PROMPT — Take the material below and output exactly the run of lines from the one containing "Глобус бар –это" down to the one containing "Manasseh, Tribe Of", with both included.

INFORMATION PROVIDED —
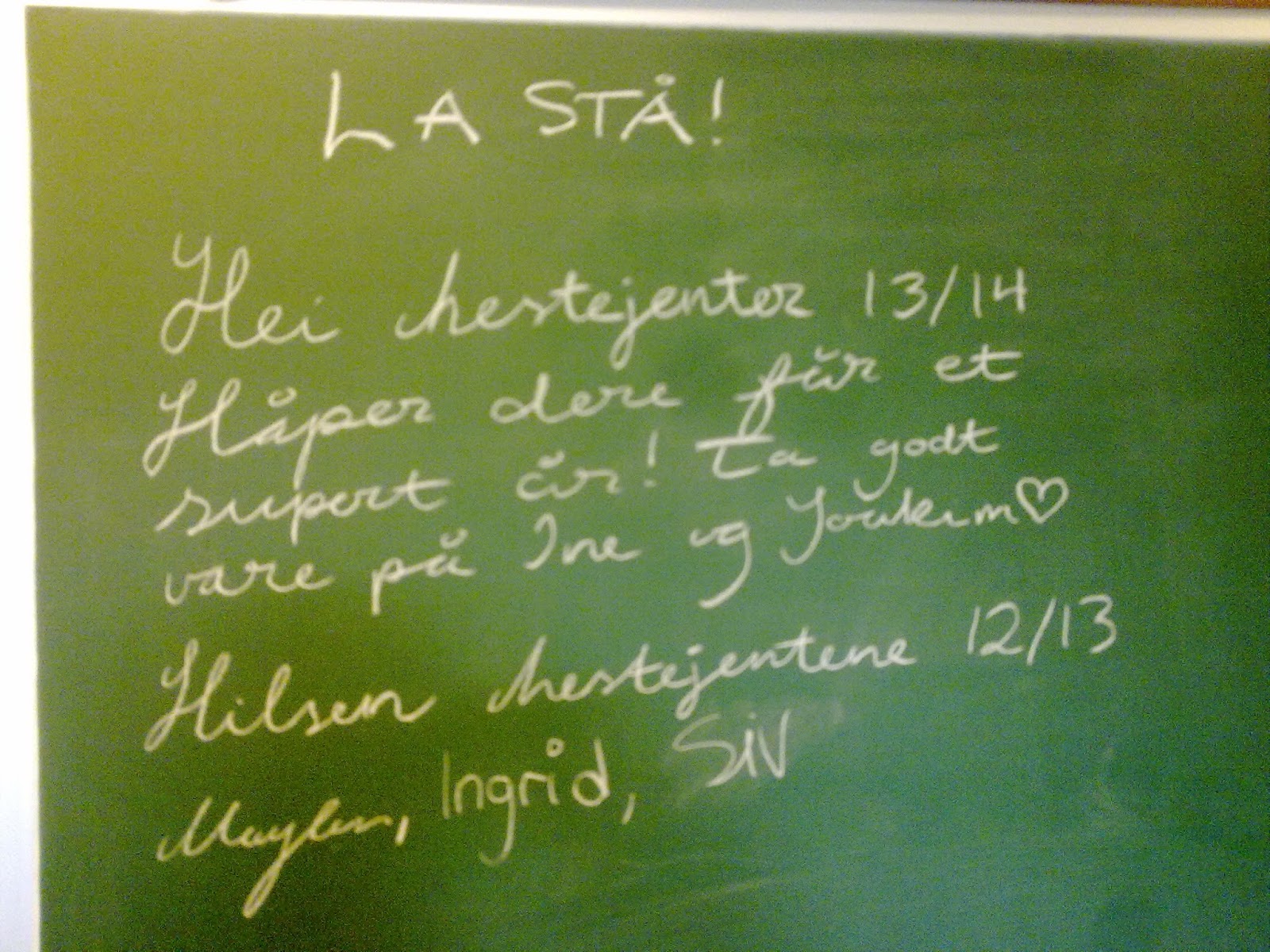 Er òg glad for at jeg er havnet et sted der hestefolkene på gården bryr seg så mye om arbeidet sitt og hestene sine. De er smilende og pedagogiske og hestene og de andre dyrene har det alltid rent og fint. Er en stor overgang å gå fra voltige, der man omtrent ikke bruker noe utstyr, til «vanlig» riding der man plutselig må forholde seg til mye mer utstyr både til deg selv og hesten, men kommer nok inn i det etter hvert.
==
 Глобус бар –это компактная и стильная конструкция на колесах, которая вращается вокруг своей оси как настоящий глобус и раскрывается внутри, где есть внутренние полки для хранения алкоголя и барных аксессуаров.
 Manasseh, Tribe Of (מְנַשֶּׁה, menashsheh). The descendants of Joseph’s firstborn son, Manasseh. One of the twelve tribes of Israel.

OUTPUT OF THE TASK —
 Глобус бар –это компактная и стильная конструкция на колесах, которая вращается вокруг своей оси как настоящий глобус и раскрывается внутри, где есть внутренние полки для хранения алкоголя и барных аксессуаров.
 Manasseh, Tribe Of (מְנַשֶּׁה, menashsheh). The descendants of Joseph’s firstborn son, Manasseh. One of the twelve tribes of Israel.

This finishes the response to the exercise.